You can simply  free it inside mes  hw_fini function to make it balance. Another more preferred way is allocate the  mem in amdgpu_mes_init and  free in amdgpu_mes_fini .

Regards
Shaoyun.liu

-----Original Message-----
From: SHANMUGAM, SRINIVASAN <SRINIVASAN.SHANMUGAM@xxxxxxx>
Sent: Friday, February 7, 2025 5:09 AM
To: Koenig, Christian <Christian.Koenig@xxxxxxx>; Deucher, Alexander <Alexander.Deucher@xxxxxxx>
Cc: amd-gfx@xxxxxxxxxxxxxxxxxxxxx; SHANMUGAM, SRINIVASAN <SRINIVASAN.SHANMUGAM@xxxxxxx>; cao, lin <lin.cao@xxxxxxx>; Chen, JingWen (Wayne) <JingWen.Chen2@xxxxxxx>; Liu, Shaoyun <Shaoyun.Liu@xxxxxxx>
Subject: [PATCH v3] drm/amdgpu/mes: Add cleaner shader fence address handling in MES for GFX11

This commit introduces enhancements to the handling of the cleaner shader fence in the AMDGPU MES driver:

- The MES (Microcode Execution Scheduler) now sends a PM4 packet to the
  KIQ (Kernel Interface Queue) to request the cleaner shader, ensuring
  that requests are handled in a controlled manner and avoiding the
  race conditions.
- The CP (Compute Processor) firmware has been updated to use a private
  bus for accessing specific registers, avoiding unnecessary operations
  that could lead to issues in VF (Virtual Function) mode.
- The cleaner shader fence memory address is now set correctly in the
  `mes_set_hw_res_pkt` structure, allowing for proper synchronization of
  the cleaner shader execution. This is done by calculating the address
  using the write-back memory base address and the cleaner fence offset.

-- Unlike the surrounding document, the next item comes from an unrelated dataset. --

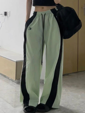 Leave your footprint in the alternative fashion world with these Y2K parachute pants that combine comfort and boldness. Inspired by hip-hop style, these wide pants are deep black with dynamic pink stripes and embody the essence of individuality and self-expression. Made to delight lovers of the early 2000s trend, these pants are not only a tribute to an iconic era but also a symbol of a rebellious attitude. The adjustable waistband allows for a flexible fit and optimal comfort - perfect for spontaneous dance sessions or a day in casual chic. The striking contrast between black and pink adds a fresh, youthful touch to your wardrobe. Whether you love streetwear or are simply looking for a piece that reflects your unique personality, these pants are the centerpiece you need. Don't wait any longer and make these parachute pants the cornerstone of your alternative fashion collection.

- **Memory Offset Retrieval**: The line `ret =
  amdgpu_device_wb_get(adev, &cleaner_fence_offset);` retrieves the
  offset for the cleaner shader fence from the write-back (WB) memory.
  This is important for ensuring that the cleaner shader can synchronize
  its execution properly, as the offset is necessary to calculate the
  exact memory address where the fence will be located.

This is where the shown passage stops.